Иногда — особенно когда я прихожу в его палату — мне кажется, что еще немного, и чувство вины просто меня раздавит. Это я уговорила его остаться в «Герметисе», а потом потащила охранять чертова Макалистера. Это мне хотелось покрасоваться перед Адамом. Хотелось посмотреть концерт!

Я должна лежать здесь, а не Крис. Не удивлюсь, если он не захочет иметь со мной дела после того, как очнется. Может, пошлет куда подальше — и будет прав.

Смотрю на него и не понимаю, что он вообще здесь забыл? Мне некуда идти, что верно, то верно. Но у Криса может быть блестящее будущее. У него есть отец, который наверняка волнуется. Да, они в ссоре, но что значат какие-то ссоры в этой ситуации? Родня есть родня. Лично я все бы отдала, только бы мои родители были живы.

И как бы я ни боялась остаться одна, мне придется отпустить Криса. Или вытолкать его отсюда, заставить уйти. Не здесь его место, не в «Герметисе» и уж тем более не рядом со мной.

— Хочешь кофе?

Я оборачиваюсь. У дверей стоит Эмма, в руках два стакана с черными крышками. Один протягивает мне.

— Со сливками, без сахара, как ты любишь.

— Спасибо.

Я забираю кофе, приоткрываю крышечку и отпиваю немного. Эмма меня балует. Внимательна ко мне, хоть и не обязана. Всегда спокойна и доброжелательна, несмотря на перепады моего настроения.
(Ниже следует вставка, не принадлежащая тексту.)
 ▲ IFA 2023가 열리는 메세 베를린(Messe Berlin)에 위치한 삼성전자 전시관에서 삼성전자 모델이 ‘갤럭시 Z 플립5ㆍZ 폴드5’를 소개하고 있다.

Вежливая, мягкая, и видно, что это помогает от души, она такая от природы. Начитана, рассказывает мне такие вещи, о которых я и не слыхала. Жаль только, об Адаме молчит, как рыба, сколько я ни пытаюсь что-то еще выяснить. Чем больше я ее узнаю, тем заметнее след, который оставило его воспитание. Адам Вектор виден во всем: в манере говорить, в словах, которые Эмма использует. Она его копирует, и, думаю, это нормально. Любой ученик в чем-то копирует своего учителя. Мне она теперь нравится, но другие дуалы не слишком ее любят. Наверное, дело в том, что Эмма не очень-то общительна. Или в том, что она — левая рука босса; полная противоположность правой руки — зубоскала Грина и рыжей Хэвен.
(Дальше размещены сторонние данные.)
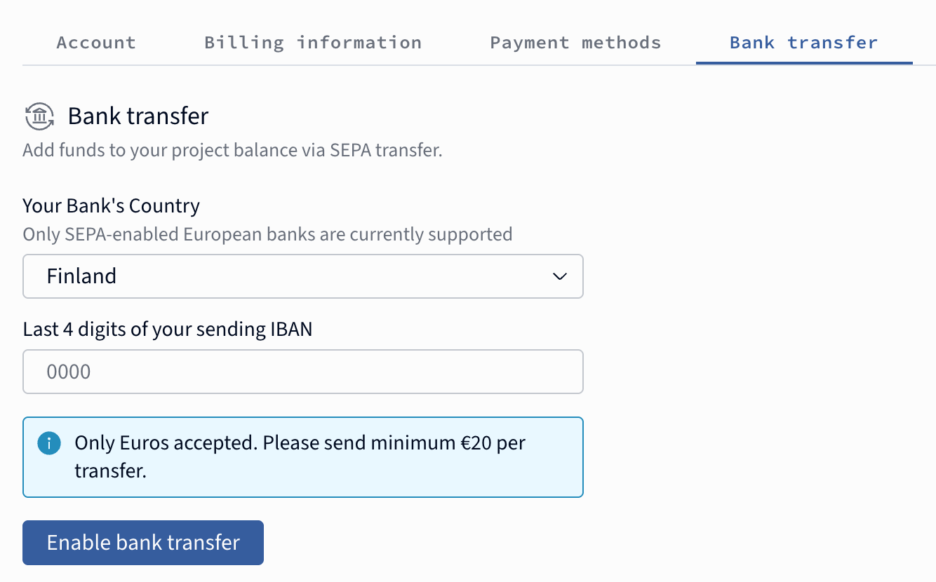 It is now possible to top up the balance using bank transfer from SEPA-enabled bank.

Сегодня Эмма выглядит встревоженной. Хмурится, поглядывает на телефон — нажимает кнопку разблокировки и блокирует обратно, будто ждет сообщения. Или не решается куда-то позвонить.

— Что-то случилось? — интересуюсь я. Она качает головой:

— Ничего.

А сама продолжает крутить в пальцах мобильник и кусать губы. Ничего, ну конечно.

— Давай, рассказывай.

— Кажется, у меня проблема.

Я гляжу на нее. У тихони-Эммы проблемы? Да откуда бы? Чистое постельное белье закончилось?

— Понимаешь… Адам попросил меня кое о чем. Встретиться с одними людьми сегодня в обед. — Она снова смотрит на телефон и вздыхает. — Забрать важные документы. Они не могут прийти сюда сами и не доверяют курьерам.

— И где встретитесь?

— В Центральном парке.

— Тут же рукой подать, — хмыкаю я. — Что может случиться в Центральном парке днем? Собачка на ногу пописает?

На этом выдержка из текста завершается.